Seek professional help
As a wholesaler in any industry, you have competitors. Any small error in decision-making can cost your business considerable losses in terms of time and money. Thus, if you honestly can’t select the right distribution strategy alone, find a professional who can help you.
After finding a distribution strategy to get the message to customers, the next thing is to implement it. As technology has become more innovative than ever, you should use it in your business. More specifically, you should start searching for the best distribution software. It would be best if you bought wholesaler distribution software as it is designed for your business. Not only will it make the distribution process easier to track, but it can also reduce human errors and stress.
A good software tool for distributors should have automation capabilities. In other words, it should boost productivity and ensure that you complete tasks quickly. Another component of this software is RFID tracking that simplifies inventory monitoring in real-time. It is based on a modern technology called the Internet of things. Moreover, the software needs to have all business management modules in a central position. The most common modules are accounting, warehousing management, customer relationships management, inventory management, and procurement management. Lastly, the software should be cloud-based rather than in-house. Cloud-based distribution software is easy to access from any place, anytime, as long as there is a Wi-Fi hotspot and mobile gadget.
Key Modules of the Distribution Software
Distribution software includes the modules to manage the plan, administer, execute, track and report the task running in Distribution warehouses that belong to wholesale distributors business. Distribution software contains the ‘Flow’ of material for distributors. Key Features of the Distribution Software is:
- Sales Order Management
- Inventory Management
- Product Catalog
- Employee Management
What is the difference between Direct and Indirect Distribution
In direct distribution, the product is distributed to the end user from the manufacturer’s or distributor’s warehouse. This is usually the case of a manufacturer who sells their items via a distribution center or retail outlet. In indirect distribution, the product (i.e. a service) is provided through a supplier or agent who’s contractually obligated through the manufacturer to buy the products and supply them to the end user. The indirect distribution technique is regularly used by manufacturers and distributors to make certain they don’t oversell or have leftover products.

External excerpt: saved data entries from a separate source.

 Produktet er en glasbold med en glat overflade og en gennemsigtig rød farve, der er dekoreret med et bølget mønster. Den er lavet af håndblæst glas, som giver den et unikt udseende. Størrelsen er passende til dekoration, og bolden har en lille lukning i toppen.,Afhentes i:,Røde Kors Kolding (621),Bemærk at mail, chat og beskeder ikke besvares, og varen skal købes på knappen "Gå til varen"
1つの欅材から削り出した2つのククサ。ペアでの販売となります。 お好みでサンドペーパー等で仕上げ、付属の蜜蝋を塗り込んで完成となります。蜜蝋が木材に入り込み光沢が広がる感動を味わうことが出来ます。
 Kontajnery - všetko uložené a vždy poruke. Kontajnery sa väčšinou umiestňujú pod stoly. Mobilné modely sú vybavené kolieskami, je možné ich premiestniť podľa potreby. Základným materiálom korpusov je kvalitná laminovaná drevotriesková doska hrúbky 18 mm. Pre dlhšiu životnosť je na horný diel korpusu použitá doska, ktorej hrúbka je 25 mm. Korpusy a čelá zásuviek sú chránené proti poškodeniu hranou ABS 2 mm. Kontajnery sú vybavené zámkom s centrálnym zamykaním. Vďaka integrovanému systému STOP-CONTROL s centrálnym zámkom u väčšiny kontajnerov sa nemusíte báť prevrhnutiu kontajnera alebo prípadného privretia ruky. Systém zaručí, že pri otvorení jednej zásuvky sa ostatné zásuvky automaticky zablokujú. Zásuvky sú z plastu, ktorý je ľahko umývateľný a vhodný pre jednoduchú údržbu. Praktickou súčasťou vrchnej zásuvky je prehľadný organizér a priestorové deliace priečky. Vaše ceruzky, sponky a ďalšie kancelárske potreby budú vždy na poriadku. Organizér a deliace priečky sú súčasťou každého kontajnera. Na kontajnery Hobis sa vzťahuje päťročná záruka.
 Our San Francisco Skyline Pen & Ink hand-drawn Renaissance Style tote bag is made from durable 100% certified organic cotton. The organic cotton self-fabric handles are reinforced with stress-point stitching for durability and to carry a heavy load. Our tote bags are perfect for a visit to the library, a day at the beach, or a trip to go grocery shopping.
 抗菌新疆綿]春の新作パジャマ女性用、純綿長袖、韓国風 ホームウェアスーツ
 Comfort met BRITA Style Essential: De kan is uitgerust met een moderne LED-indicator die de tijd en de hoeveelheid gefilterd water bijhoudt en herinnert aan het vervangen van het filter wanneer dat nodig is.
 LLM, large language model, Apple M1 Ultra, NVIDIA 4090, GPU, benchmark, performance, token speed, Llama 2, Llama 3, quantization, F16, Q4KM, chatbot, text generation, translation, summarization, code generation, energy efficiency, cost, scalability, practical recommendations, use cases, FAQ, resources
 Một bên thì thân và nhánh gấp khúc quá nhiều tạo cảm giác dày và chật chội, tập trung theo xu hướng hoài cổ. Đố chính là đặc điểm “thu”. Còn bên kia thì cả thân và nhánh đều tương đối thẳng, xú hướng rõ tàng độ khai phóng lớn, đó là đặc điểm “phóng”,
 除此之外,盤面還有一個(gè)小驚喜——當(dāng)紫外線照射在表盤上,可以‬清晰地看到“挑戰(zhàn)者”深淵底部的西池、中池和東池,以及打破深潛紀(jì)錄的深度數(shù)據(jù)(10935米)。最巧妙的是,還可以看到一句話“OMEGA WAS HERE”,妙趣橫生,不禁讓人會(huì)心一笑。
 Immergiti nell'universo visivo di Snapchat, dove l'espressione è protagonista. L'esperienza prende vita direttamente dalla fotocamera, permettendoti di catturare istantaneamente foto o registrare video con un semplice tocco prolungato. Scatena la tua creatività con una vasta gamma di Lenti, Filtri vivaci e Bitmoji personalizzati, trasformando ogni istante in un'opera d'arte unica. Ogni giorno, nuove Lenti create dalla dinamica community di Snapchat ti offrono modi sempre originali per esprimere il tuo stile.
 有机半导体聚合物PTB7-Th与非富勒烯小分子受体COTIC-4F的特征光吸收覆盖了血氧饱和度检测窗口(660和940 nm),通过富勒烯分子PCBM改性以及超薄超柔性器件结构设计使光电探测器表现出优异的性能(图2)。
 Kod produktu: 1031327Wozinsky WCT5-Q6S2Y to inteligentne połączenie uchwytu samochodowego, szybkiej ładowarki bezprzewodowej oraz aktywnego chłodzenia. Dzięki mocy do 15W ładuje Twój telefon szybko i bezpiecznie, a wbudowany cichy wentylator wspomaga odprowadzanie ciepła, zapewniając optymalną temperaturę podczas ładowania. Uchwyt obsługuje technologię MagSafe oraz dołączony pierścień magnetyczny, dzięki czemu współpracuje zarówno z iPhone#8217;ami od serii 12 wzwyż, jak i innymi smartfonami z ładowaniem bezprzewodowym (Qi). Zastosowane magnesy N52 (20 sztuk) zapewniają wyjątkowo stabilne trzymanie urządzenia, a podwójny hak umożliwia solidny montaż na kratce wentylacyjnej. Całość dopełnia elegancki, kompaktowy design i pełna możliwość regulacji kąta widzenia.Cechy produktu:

Direct Distribution = Direct to consumer (DTC) is a distribution channel that is not utilized by the brand. The main reason for the use of this channel is to gain a competitive benefit as it is a quicker and direct way to reach the customer. Companies use direct distribution channels for customer products as it is very effective. This is a direct method of reaching the consumer with the product.
Indirect distribution is an indirect form of distribution channel and is used to sell products and services. It is also called indirect marketing. It is a form of marketing that involves a company or individual taking someone else to make a sale for them. It is known as indirect distribution as it’s not involve the company or individual going to the customer directly.
If you want to create an effective distribution strategy, you should know that this is a multi-faceted and complex process. You have up to five distribution channels to choose from and a range of factors to think about. Whether you settle on the direct, indirect, intensive, exclusive, or selective marketing strategy, you need software to simplify the implementation process. In addition, if you cannot develop a strategy alone, you can consult a professional.